Le grand ogre me regarda d’un air penaud.
— La guerre n’aura pas lieu, Guénolé. Vous pouvez aller vous reposer. Vous avez l’air d’en avoir besoin.
Dehors, le soleil touchait à son zénith, et laissait filtrer à travers les fenêtres de son bureau des rayons se reflétant sur son armure en cuivre.
J’étais las, très las. Seul une bataille sanglante aurait pu me sortir de cet état. Pour tout dire, je l’attendais avec impatience cette guerre. C’est pourquoi sa nouvelle me fit l’effet d’un coup de massue.
Et c’était vrai : le matin même, ma femme fidèle et dévouée m’avait paré de ma plus belle chemise blanche afin qu’elle pût être teintée du sang de mes ennemis.
— Oui bah, je suis désolé, hein. Je sais, c'est pas de chance. Moi aussi, j’aurais bien aimé.
— Vous ? Vous ?! La dernière fois que nous avons combattu nos ennemis du bâtiment voisin, vous avez fui juste après la bataille pour éviter la paperasserie à envoyer aux familles des défunts, maugréai-je dans ma barbe.
Sur ces mots, le grand ogre se leva doucement de sa chaise inclinable. La lumière des néons commença à clignoter faiblement. Soudain, une violente bourrasque entra en sifflant dans la pièce, renversant tout sur son passage. Des comptes-rendus de réunion valsaient devant mes yeux hagards...
Puis son ombre envahit la pièce. Et tout ce qui était gris devint sombre.
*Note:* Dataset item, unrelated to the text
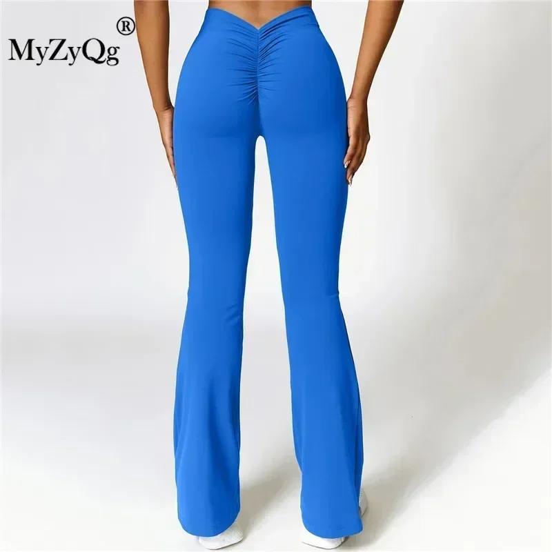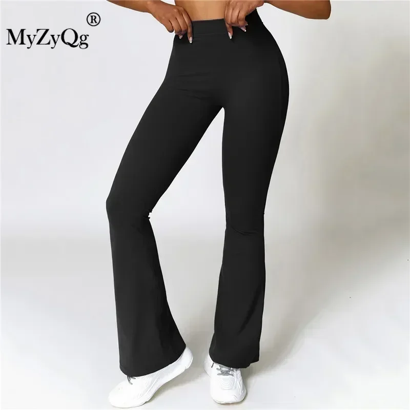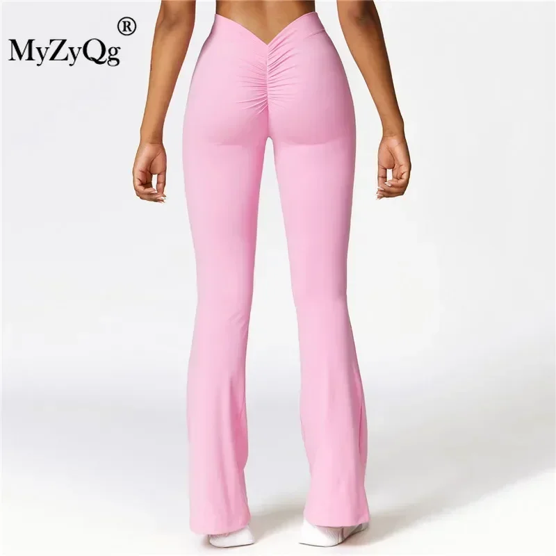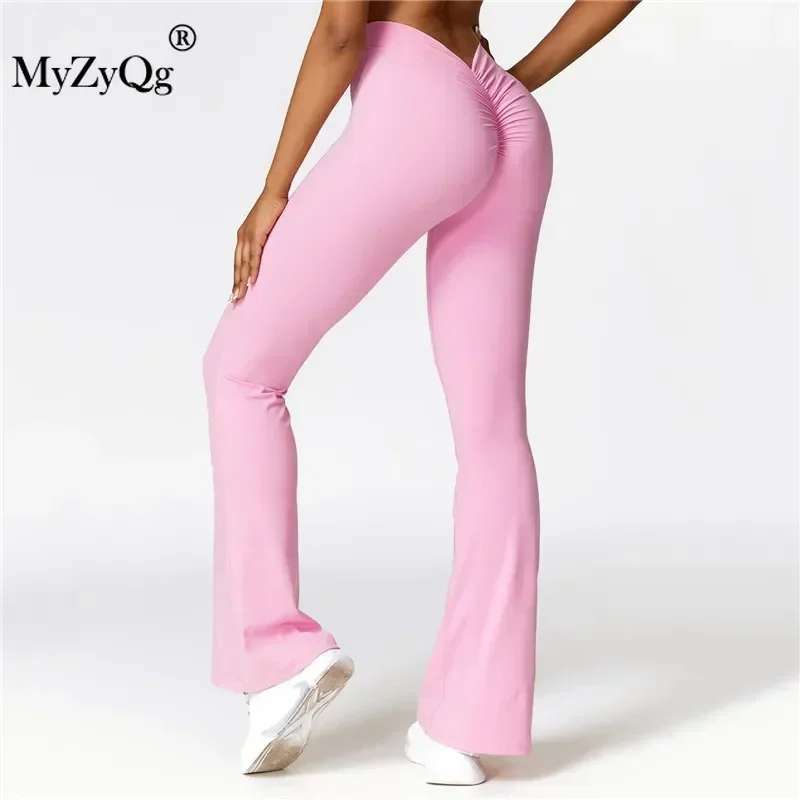 MyZyQg Женские брюки-клеш для йоги персикового цвета с подтяжкой бедер широкие - купить

Et tout ce qui était sombre était perdu.
Je sortis en courant du bureau, et referma la porte d’un coup avant que ma vie et mon âme y fussent aspirées.
Quand je repris mes esprits, je vis mes fidèles macaques devant moi. Les pauvres... Peut-être croyaient-ils encore que j’allais pouvoir les mener au combat...
Je ne prie même pas la peine de lui répondre. L’ignorance est une bénédiction ; et peut-être pourra-t-il ne jamais se rendre compte de cette perte, et continuer à faire ses tableurs Excel avec la sérénité qui est la sienne, et dont je lui sais gré.
Depuis ce moment, je marche dans les couloirs. Je me nourris de barres chocolatées, et fais des haltes aux points d’eau, bien avant l’aube, bien avant que la faune ne vienne s’abreuver, pour être seul, enfin.